Uno studio, coordinato dalla Fondazione Acquario di Genova ONLUS e realizzato in collaborazione con diversi gruppi di ricerca, tra cui il CESRAM, ha esaminato la distribuzione dei tursiopi nel Mediterraneo. I risultati ottenuti evidenziano una netta prevalenza di tursiopi costieri, senza prove di coesistenza con l’ecotipo pelagico.
Dalla Nuova Scozia alla Patagonia, dal Nord del Giappone alle coste australiane, il tursiope comune (Tursiops truncatus) è uno dei cetacei più diffusi al mondo. La vasta occupazione territoriale del tursiope è sicuramente da attribuire alla sua straordinaria capacità di adattamento che gli ha permesso di colonizzare nel tempo diversi habitat, dalle più basse acque costiere agli oceani più profondi, a eccezione delle gelide regioni polari. La preferenza ambientale, in concomitanza a specifiche caratteristiche genetiche, è comunemente utilizzata come criterio per distinguere due gruppi di tursiopi, definiti “ecotipi”: quello costiero, che predilige acque poco profonde, e quello pelagico, che vive in mare aperto con profondità superiori ai 200 metri.

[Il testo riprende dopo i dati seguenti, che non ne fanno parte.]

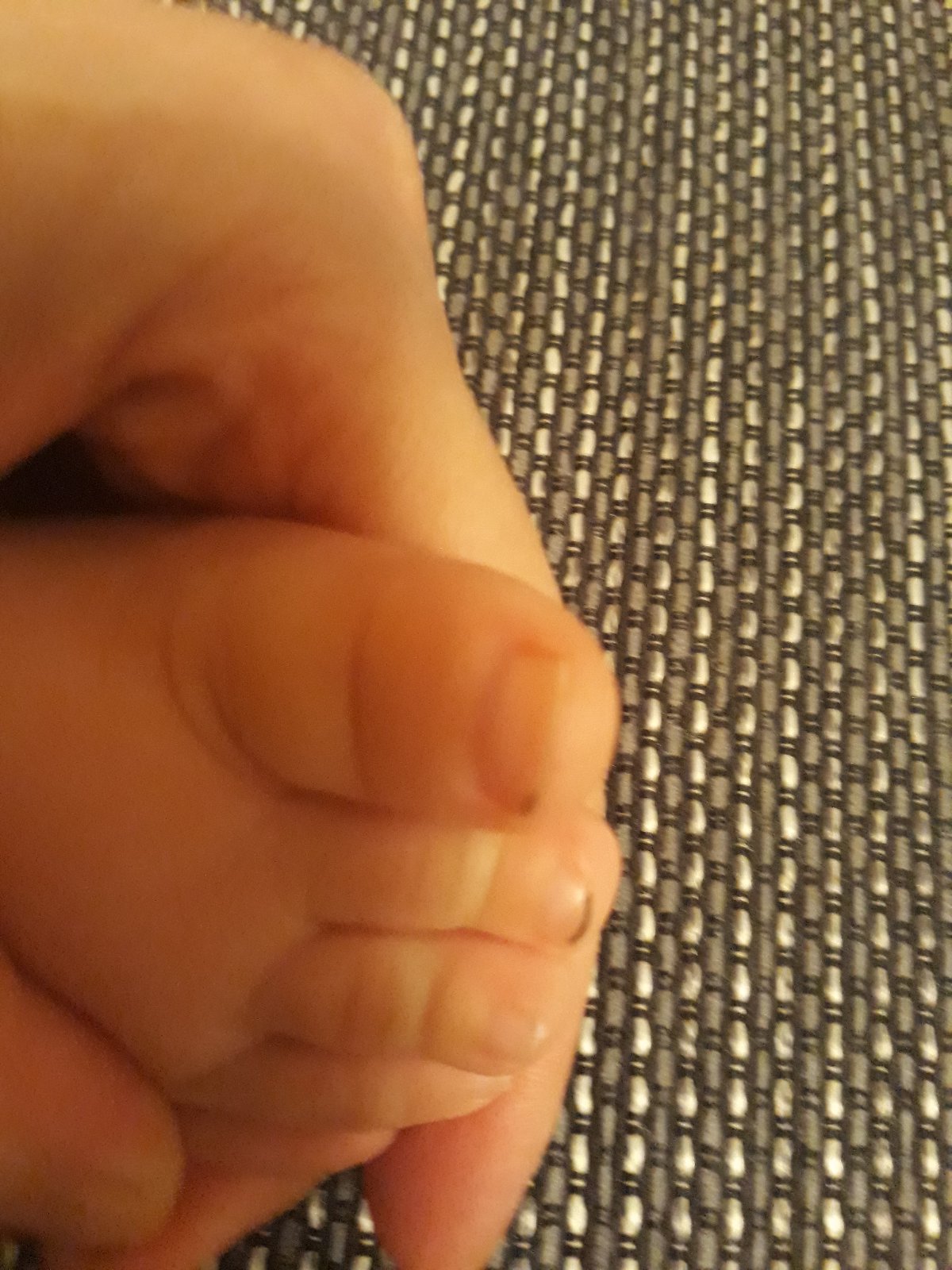 většinou se jedná o malou traumatizaci - poškození - nehtíku, třeba při poloze na bříšku, nebo od švu dupaček či ponožek. Samo se to časem zhojí.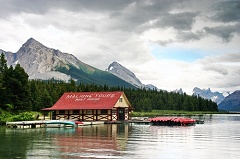 回到山下已经四点多了。天空已经渐渐的由晴转阴,我在码头上犹豫着要不要坐船,不知道两个小时后在那大山深处等待我的是阳光明媚还是凄风苦雨。最终心底的那份向往让我下定了决心,不论阴晴雨雾,我一定要亲眼见到那梦中的精灵岛。我们乘坐5:30pm的当日最后一班船驶向Maligne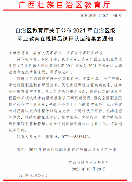 2021年自治区级职业教育在线精品课程

Nel Mar Mediterraneo, la sua massiccia presenza ha reso questo mammifero secondo solo alla stenella (Stenella coeruleoalba) per numero di avvistamenti. Poiché la sua presenza è stata quasi sempre registrata entro profondità relativamente basse, i tursiopi del Mediterraneo vengono tendenzialmente identificati come appartenenti all’ecotipo costiero. Tuttavia, nel 2015, uno studio ha dimostrato che alcuni esemplari spiaggiati lungo le coste mediterranee presentavano tracce di DNA simili a quelle dell’ecotipo pelagico, suggerendo la possibile coesistenza dei due gruppi.

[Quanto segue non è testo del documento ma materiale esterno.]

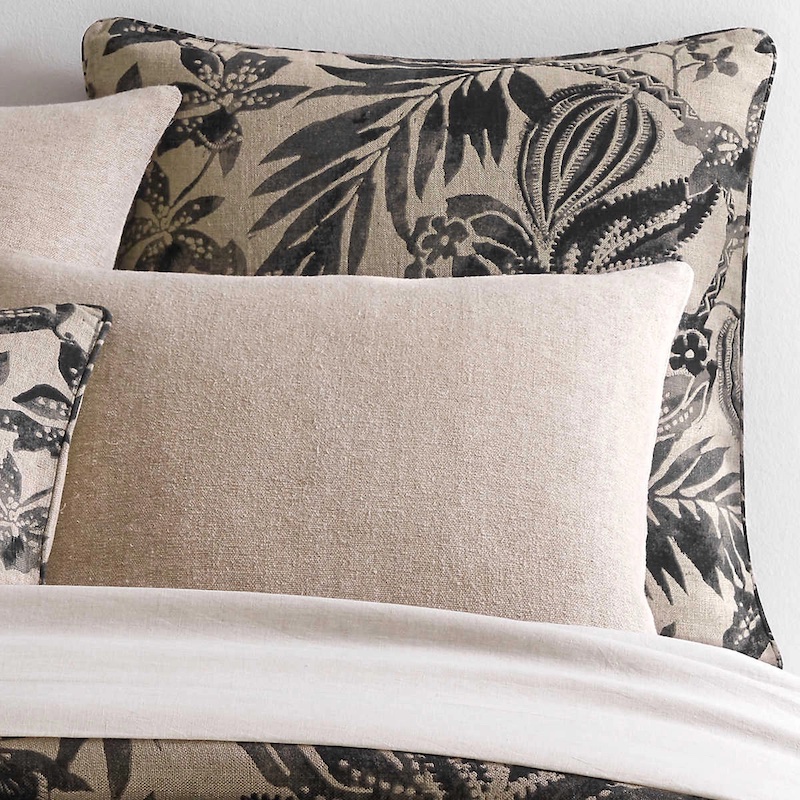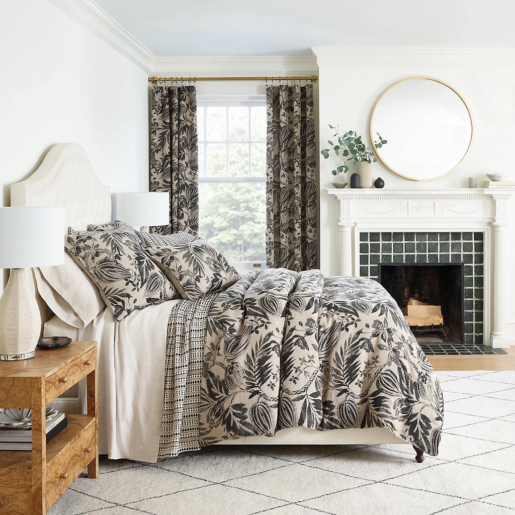 Pine Cone Hill Antigua in Black will make a bold bedroom statement with a large-scale botanical print that hints at lush fruits and foliage. This dramatic duvet cover and shams feature inky black fronds, buds, and pods digitally printed onto rustic natural linen, then washed and tumbled to sublime perfection.  100% Linen. Handmade.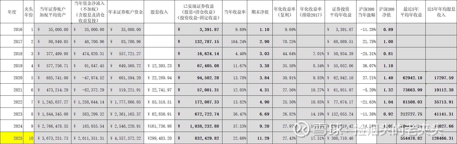 由于我采用的是清仓收益+股息确认投资收益,所以2016年至今的十年里全部取得了正收益,比如2018年虽然交易软件显示亏损,但全年仅卖出中国铁建一只票实现清仓收益,其他的票都是在买买买。十年夹头明显改善了我的经济状况。往后十年,我的投资或许只能依靠内生性增长了。毕竟目前的工资水平已经远远落后于投资收益。我希望在近1-3年内,投资可以反哺我的生活支出。毕竟在过去十年里虽然取得了很不错的投资收益率,但投资一直在吸我生活的资金流。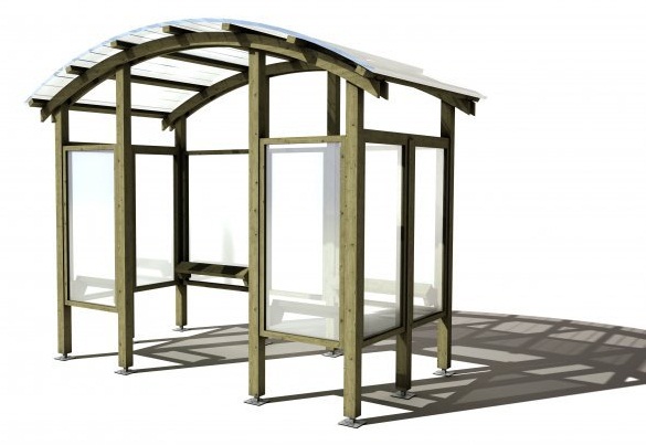 Il est fabriqué en bois pin traité classe IV, il comporte une toiture en lamellé-collé de section 95x35 mm.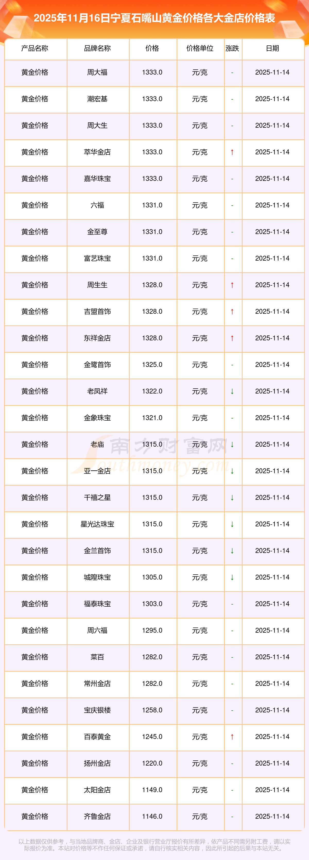 今天是2025年11月16日,寧夏石嘴山周大福、周大福、周大福、周大福、周大福、周大福、周大福、老鳳祥、老鳳祥、老鳳祥、周六福等各大金店品牌黃金價(jià)格最新價(jià)格如下:周大福1333.0元/克、周大福646.0元/克、周大福1333.0元/克、周大福46320.0、周大福18410.0、周大福41780.0、周大福1167.0元/克、老鳳祥1322.0元/克、老鳳祥600.0元/克、老鳳祥1322.0元/克、周六福1295.0元/克。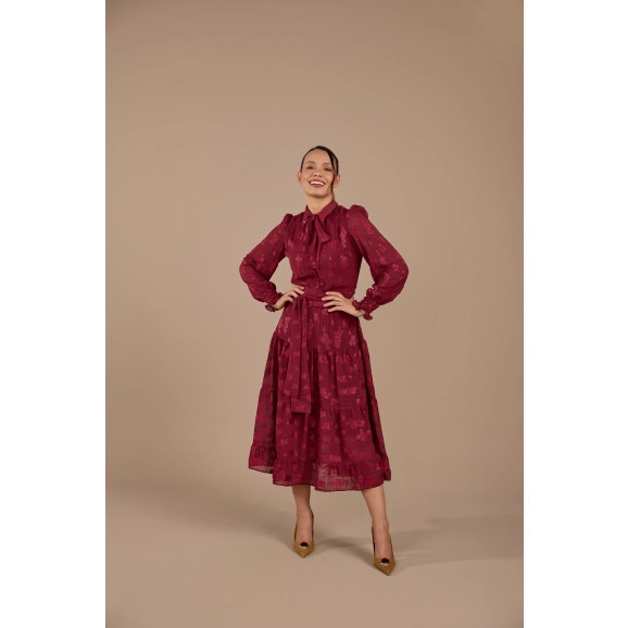 Vestido Josy Em Crepe Jacaquard Marsala Jany Pim

Per comprendere le abitudini della specie e verificare l’effettiva presenza dell’ecotipo pelagico anche nei nostri mari, il CESRAM, in collaborazione con altri 42 gruppi ed enti di ricerca internazionali, ha partecipato alla raccolta dati di avvistamenti di tursiopi coprendo una vasta area del bacino per un periodo di 15 anni. La ricerca, la più estesa mai condotta sulla popolazione mediterranea dei tursiopi, ha analizzato dati provenienti da avvistamenti e foto-identificazioni. I risultati ottenuti indicano una netta preferenza di questi mammiferi per le acque costiere, nonostante alcuni avvistamenti sporadici in mare aperto. In particolare, i dati evidenziano che soltanto quattro individui su migliaia di esemplari sono stati avvistati esclusivamente in acque pelagiche, tutti nel Mar di Alborán, tra la Spagna e il Marocco. È possibile che questo comportamento dipenda in parte dall’adattamento dei tursiopi nel tempo allo sfruttamento delle risorse locali, dalle reti da imbrocco e da traino alle gabbie di acquacoltura, portando a una sorta di “evoluzione culturale” come conseguenza delle attività umane.
Questi risultati suggeriscono che i tursiopi che popolano il Mediterraneo siano principalmente costieri, escludendo la coesistenza dei due ecotipi. La presenza di DNA pelagico negli esemplari spiaggiati potrebbe essere attribuita a una passata colonizzazione del bacino da parte dei tursiopi atlantici, i quali avrebbero conservato i tratti genetici originali pur adattandosi al nuovo ambiente.